**RECORDED DATA:**
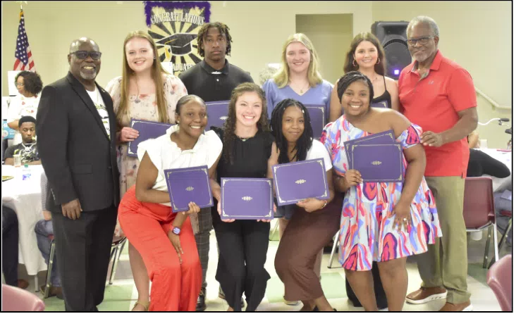 Dr. I.D. Thompson and Rev. Haywood Hannah are pictured with scholarship recipients (in no particular order): Aniyah Nash, Averie Gundy, Markeya Fleming, Evee Stevens, Journee Banks, Braxton Shumaker, Rebecca Boston McCrory, and Allie McCoy. Not pictured are Simmons Brooks and William Stokes Loden.
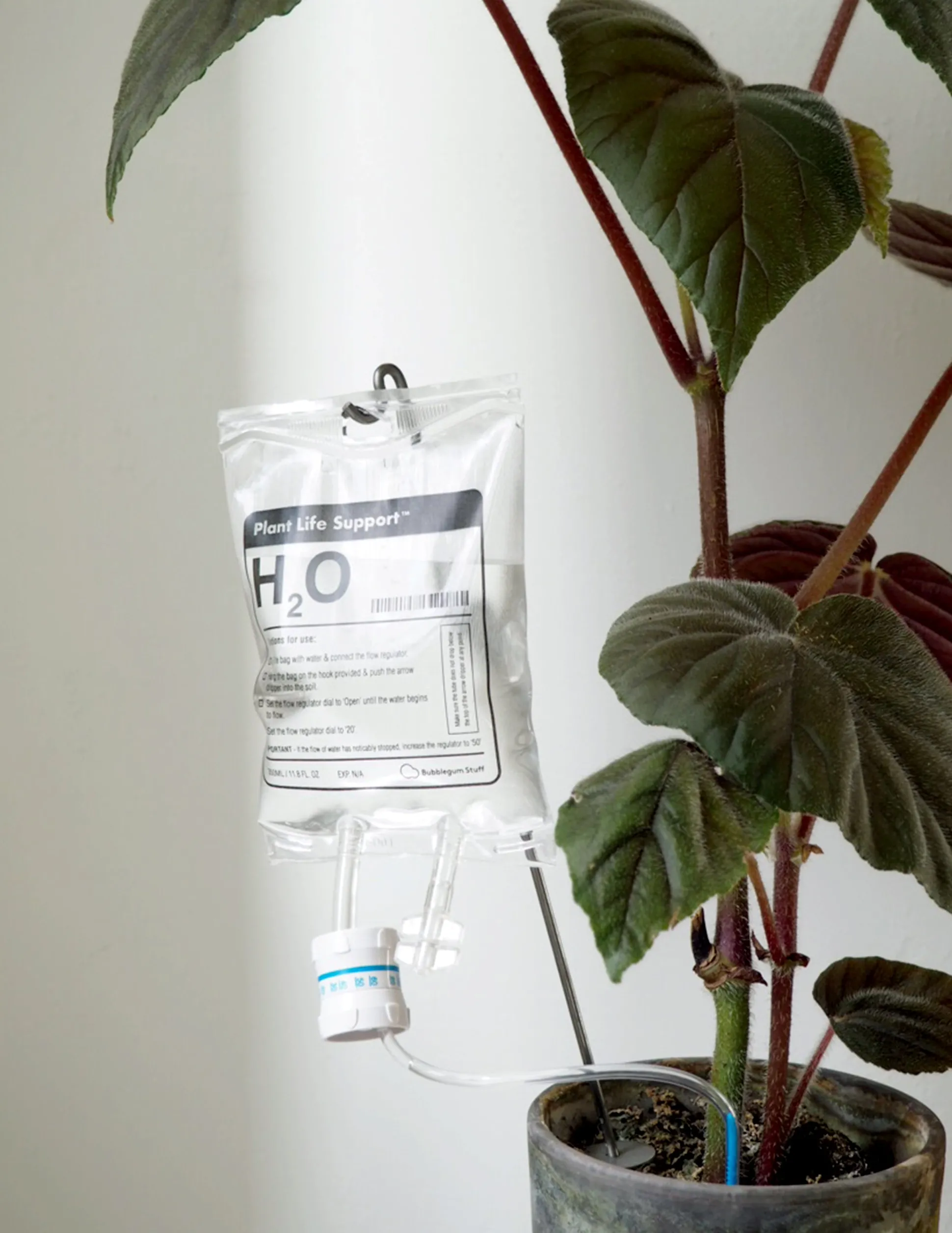 Selvvandende “Plant Life support” er anderledes måde at vande dine planter på. Med inspiration fra lægehjælpen kan du nu give dine planter det nødvendige vand (=H2O) via drop. På emballagen følger en vejledning med så du nemt kan komme igang med at bruge selvvandingen.
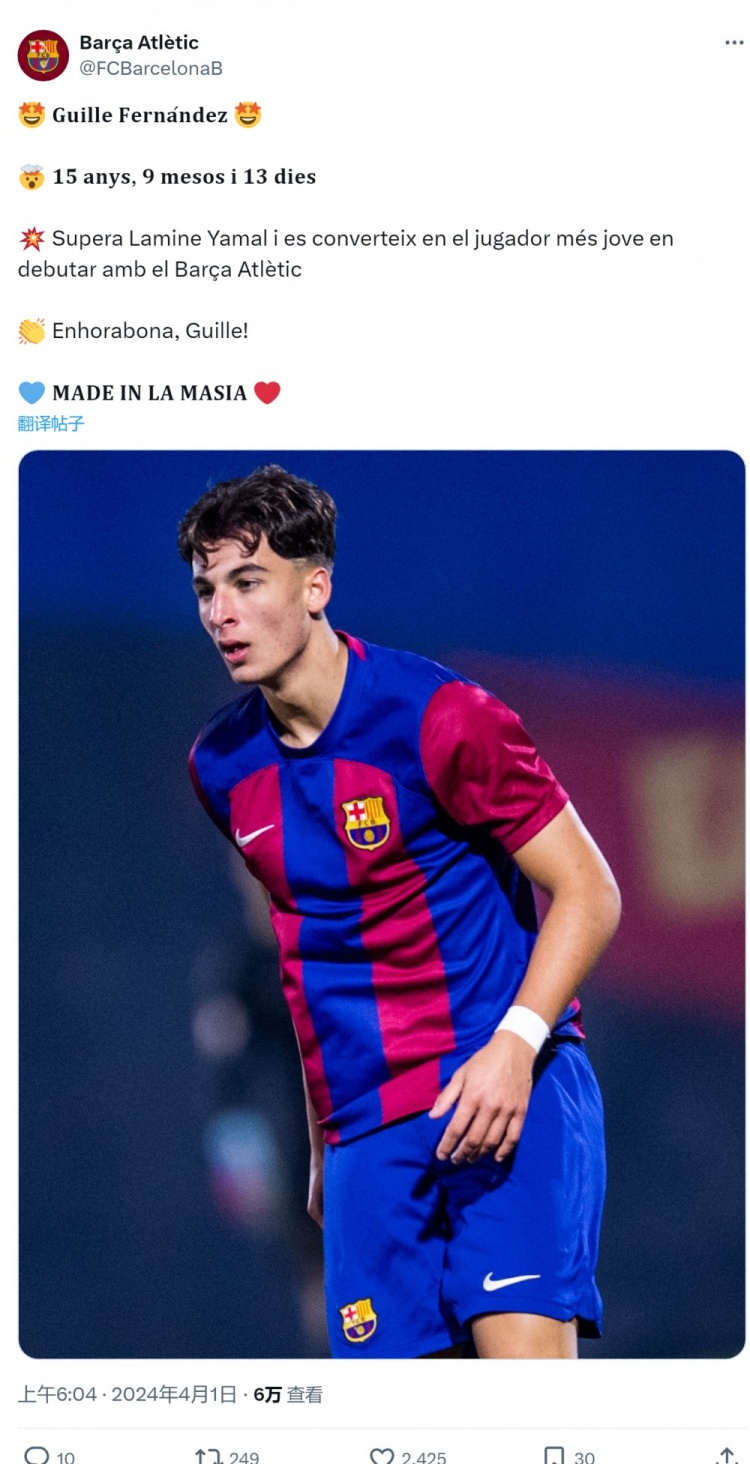 据巴萨官方统计,现年15岁287天的费尔南德斯打破亚马尔的纪录(15岁297天),成为在巴萨B队首秀最年轻的球员。

**TASK TO CARRY OUT:**
Would you retype each line above exactly and skip every image?

**PROBLEM SOLUTION:**
 Dr. I.D. Thompson and Rev. Haywood Hannah are pictured with scholarship recipients (in no particular order): Aniyah Nash, Averie Gundy, Markeya Fleming, Evee Stevens, Journee Banks, Braxton Shumaker, Rebecca Boston McCrory, and Allie McCoy. Not pictured are Simmons Brooks and William Stokes Loden.
 Selvvandende “Plant Life support” er anderledes måde at vande dine planter på. Med inspiration fra lægehjælpen kan du nu give dine planter det nødvendige vand (=H2O) via drop. På emballagen følger en vejledning med så du nemt kan komme igang med at bruge selvvandingen.
 据巴萨官方统计,现年15岁287天的费尔南德斯打破亚马尔的纪录(15岁297天),成为在巴萨B队首秀最年轻的球员。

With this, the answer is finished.